▸ **Task goal**: Retype only the lines from the top of the records to the line with "終了したら、バルブを閉じ、「", including that line but none of the pictures.

▸ **Records for this task**:

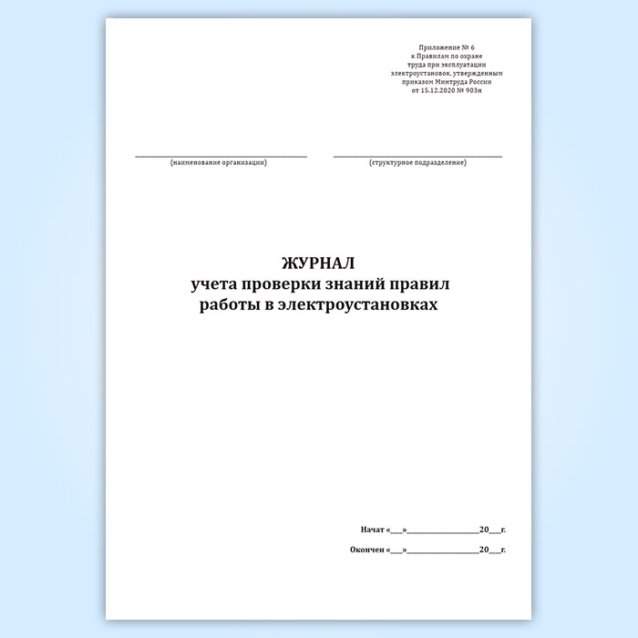 Журнал учета проверки знаний правил работы в электроустановках (Приложение 6) в Щёлково купить
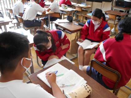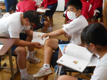 3年生の国語の授業は物語文について。登場人物の心情について意見交換していました。
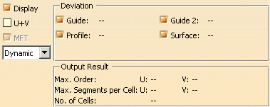 - Abweichung: Maximale Abweichung der erzeugten Translationsfläche von der ursprünglichen Komponente Führungselement, Profil, Führungselement 2 (begrenzte Geometrie) oder Fläche.
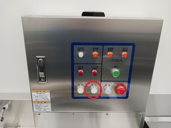 終了したら、バルブを閉じ、「洗浄」ボタンを押して停止し、洗浄ホッパーを元の位置に戻す。
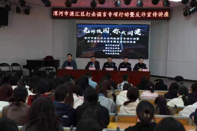 (通訊員:趙予曉)為深入推進打擊整治網(wǎng)絡(luò)謠言專項行動,有效提升廣大群眾對網(wǎng)上虛假信息的鑒別、識別能力和增強我轄區(qū)師生安全防范意識,筑牢網(wǎng)絡(luò)安全防線,提高反詐騙應(yīng)對能力。3月14日下午,漯河市公安局源匯分局聯(lián)合漯河市職業(yè)技術(shù)學(xué)院開展打擊網(wǎng)絡(luò)謠言專項行動暨反詐宣傳進校園專題宣傳培訓(xùn)講座。學(xué)校師生300余人參加本次講座。
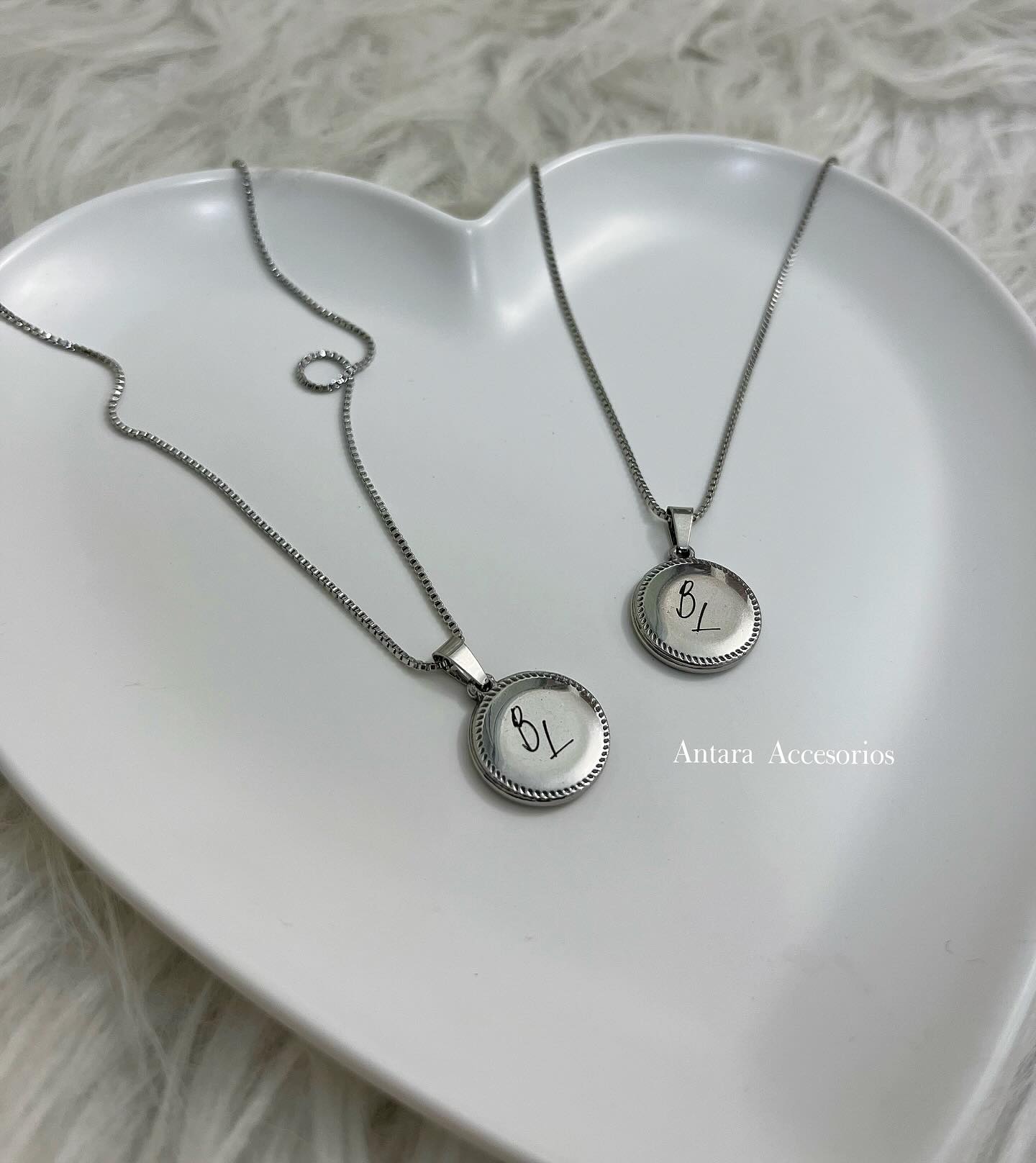 Cadena Box Chain con dije circular colgante, de acero inoxidable silver, waterproof (resiste al agua). Con personalización computarizada a laser.

▸ **Your response**:
 Журнал учета проверки знаний правил работы в электроустановках (Приложение 6) в Щёлково купить
 3年生の国語の授業は物語文について。登場人物の心情について意見交換していました。
 - Abweichung: Maximale Abweichung der erzeugten Translationsfläche von der ursprünglichen Komponente Führungselement, Profil, Führungselement 2 (begrenzte Geometrie) oder Fläche.
 終了したら、バルブを閉じ、「洗浄」ボタンを押して停止し、洗浄ホッパーを元の位置に戻す。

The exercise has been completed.